**Directions for this task**. Given the entries that follow, write out exactly the lines starting at the one containing "2階の小壁の仕上げ塗装と同時に1階の破風仕上げ塗装も進めました。" and ending at the one containing "朝の緑茶を飲んでパソコンで一仕事してからの朝ごはん。", both ends included, and only those.

**Data to process**.
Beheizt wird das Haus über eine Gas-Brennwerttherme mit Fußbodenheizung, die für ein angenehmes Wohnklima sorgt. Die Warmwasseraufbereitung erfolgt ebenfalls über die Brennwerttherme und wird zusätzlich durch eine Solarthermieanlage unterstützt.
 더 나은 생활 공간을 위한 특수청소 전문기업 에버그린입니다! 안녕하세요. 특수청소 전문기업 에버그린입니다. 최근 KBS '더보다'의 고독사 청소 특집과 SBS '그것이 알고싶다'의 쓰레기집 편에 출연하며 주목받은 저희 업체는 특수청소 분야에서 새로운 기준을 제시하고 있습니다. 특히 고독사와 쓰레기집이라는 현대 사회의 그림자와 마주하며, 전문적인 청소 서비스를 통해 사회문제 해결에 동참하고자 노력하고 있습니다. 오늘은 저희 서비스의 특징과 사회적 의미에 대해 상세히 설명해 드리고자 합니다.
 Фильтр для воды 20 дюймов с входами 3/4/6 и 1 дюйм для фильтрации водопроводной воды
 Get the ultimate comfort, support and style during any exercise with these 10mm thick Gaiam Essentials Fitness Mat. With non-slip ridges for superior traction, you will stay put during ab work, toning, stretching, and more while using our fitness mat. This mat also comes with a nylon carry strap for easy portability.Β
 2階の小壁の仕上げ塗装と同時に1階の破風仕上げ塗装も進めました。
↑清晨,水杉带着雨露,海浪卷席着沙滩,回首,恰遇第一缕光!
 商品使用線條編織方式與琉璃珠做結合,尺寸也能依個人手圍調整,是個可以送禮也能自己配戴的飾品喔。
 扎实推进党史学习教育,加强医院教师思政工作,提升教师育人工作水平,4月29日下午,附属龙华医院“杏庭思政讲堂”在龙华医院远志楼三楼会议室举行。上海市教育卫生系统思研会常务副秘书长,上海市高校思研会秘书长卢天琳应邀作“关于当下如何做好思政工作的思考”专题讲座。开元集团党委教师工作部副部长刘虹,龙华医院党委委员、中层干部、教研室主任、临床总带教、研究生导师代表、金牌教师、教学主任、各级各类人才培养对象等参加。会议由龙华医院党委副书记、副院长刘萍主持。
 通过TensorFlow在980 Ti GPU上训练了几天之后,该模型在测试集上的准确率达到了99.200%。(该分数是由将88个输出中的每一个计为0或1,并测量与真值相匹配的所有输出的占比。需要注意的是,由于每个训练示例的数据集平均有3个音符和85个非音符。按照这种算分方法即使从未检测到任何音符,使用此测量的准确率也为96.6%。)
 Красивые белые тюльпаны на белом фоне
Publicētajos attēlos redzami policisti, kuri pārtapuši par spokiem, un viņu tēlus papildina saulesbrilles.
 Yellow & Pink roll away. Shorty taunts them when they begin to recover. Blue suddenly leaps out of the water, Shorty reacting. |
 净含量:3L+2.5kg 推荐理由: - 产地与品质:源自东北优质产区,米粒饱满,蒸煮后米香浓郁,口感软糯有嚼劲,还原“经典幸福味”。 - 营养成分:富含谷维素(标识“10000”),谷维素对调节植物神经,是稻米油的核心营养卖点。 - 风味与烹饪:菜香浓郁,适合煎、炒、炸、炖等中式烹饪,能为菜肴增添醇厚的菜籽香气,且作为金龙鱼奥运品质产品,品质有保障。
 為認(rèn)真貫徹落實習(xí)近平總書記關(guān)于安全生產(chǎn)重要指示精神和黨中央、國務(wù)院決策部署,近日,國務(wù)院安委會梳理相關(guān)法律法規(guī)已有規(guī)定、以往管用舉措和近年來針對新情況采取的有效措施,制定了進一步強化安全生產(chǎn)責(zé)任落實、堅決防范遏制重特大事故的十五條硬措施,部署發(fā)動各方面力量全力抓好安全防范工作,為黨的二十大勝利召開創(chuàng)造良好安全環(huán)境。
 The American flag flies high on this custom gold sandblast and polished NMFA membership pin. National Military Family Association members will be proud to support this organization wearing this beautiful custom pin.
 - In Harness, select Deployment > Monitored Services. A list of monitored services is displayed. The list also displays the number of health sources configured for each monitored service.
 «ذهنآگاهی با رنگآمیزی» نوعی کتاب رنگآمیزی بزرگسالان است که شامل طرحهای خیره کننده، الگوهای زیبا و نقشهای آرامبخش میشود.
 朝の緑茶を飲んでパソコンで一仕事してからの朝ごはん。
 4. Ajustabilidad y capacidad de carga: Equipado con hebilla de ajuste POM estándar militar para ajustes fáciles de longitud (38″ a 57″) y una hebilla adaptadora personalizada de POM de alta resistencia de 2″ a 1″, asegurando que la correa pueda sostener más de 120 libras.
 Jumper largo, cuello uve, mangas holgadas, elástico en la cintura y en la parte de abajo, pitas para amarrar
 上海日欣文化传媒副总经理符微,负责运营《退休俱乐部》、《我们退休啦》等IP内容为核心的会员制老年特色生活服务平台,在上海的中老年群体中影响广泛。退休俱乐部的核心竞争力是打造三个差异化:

**Answer box**.
 2階の小壁の仕上げ塗装と同時に1階の破風仕上げ塗装も進めました。
↑清晨,水杉带着雨露,海浪卷席着沙滩,回首,恰遇第一缕光!
 商品使用線條編織方式與琉璃珠做結合,尺寸也能依個人手圍調整,是個可以送禮也能自己配戴的飾品喔。
 扎实推进党史学习教育,加强医院教师思政工作,提升教师育人工作水平,4月29日下午,附属龙华医院“杏庭思政讲堂”在龙华医院远志楼三楼会议室举行。上海市教育卫生系统思研会常务副秘书长,上海市高校思研会秘书长卢天琳应邀作“关于当下如何做好思政工作的思考”专题讲座。开元集团党委教师工作部副部长刘虹,龙华医院党委委员、中层干部、教研室主任、临床总带教、研究生导师代表、金牌教师、教学主任、各级各类人才培养对象等参加。会议由龙华医院党委副书记、副院长刘萍主持。
 通过TensorFlow在980 Ti GPU上训练了几天之后,该模型在测试集上的准确率达到了99.200%。(该分数是由将88个输出中的每一个计为0或1,并测量与真值相匹配的所有输出的占比。需要注意的是,由于每个训练示例的数据集平均有3个音符和85个非音符。按照这种算分方法即使从未检测到任何音符,使用此测量的准确率也为96.6%。)
 Красивые белые тюльпаны на белом фоне
Publicētajos attēlos redzami policisti, kuri pārtapuši par spokiem, un viņu tēlus papildina saulesbrilles.
 Yellow & Pink roll away. Shorty taunts them when they begin to recover. Blue suddenly leaps out of the water, Shorty reacting. |
 净含量:3L+2.5kg 推荐理由: - 产地与品质:源自东北优质产区,米粒饱满,蒸煮后米香浓郁,口感软糯有嚼劲,还原“经典幸福味”。 - 营养成分:富含谷维素(标识“10000”),谷维素对调节植物神经,是稻米油的核心营养卖点。 - 风味与烹饪:菜香浓郁,适合煎、炒、炸、炖等中式烹饪,能为菜肴增添醇厚的菜籽香气,且作为金龙鱼奥运品质产品,品质有保障。
 為認(rèn)真貫徹落實習(xí)近平總書記關(guān)于安全生產(chǎn)重要指示精神和黨中央、國務(wù)院決策部署,近日,國務(wù)院安委會梳理相關(guān)法律法規(guī)已有規(guī)定、以往管用舉措和近年來針對新情況采取的有效措施,制定了進一步強化安全生產(chǎn)責(zé)任落實、堅決防范遏制重特大事故的十五條硬措施,部署發(fā)動各方面力量全力抓好安全防范工作,為黨的二十大勝利召開創(chuàng)造良好安全環(huán)境。
 The American flag flies high on this custom gold sandblast and polished NMFA membership pin. National Military Family Association members will be proud to support this organization wearing this beautiful custom pin.
 - In Harness, select Deployment > Monitored Services. A list of monitored services is displayed. The list also displays the number of health sources configured for each monitored service.
 «ذهنآگاهی با رنگآمیزی» نوعی کتاب رنگآمیزی بزرگسالان است که شامل طرحهای خیره کننده، الگوهای زیبا و نقشهای آرامبخش میشود.
 朝の緑茶を飲んでパソコンで一仕事してからの朝ごはん。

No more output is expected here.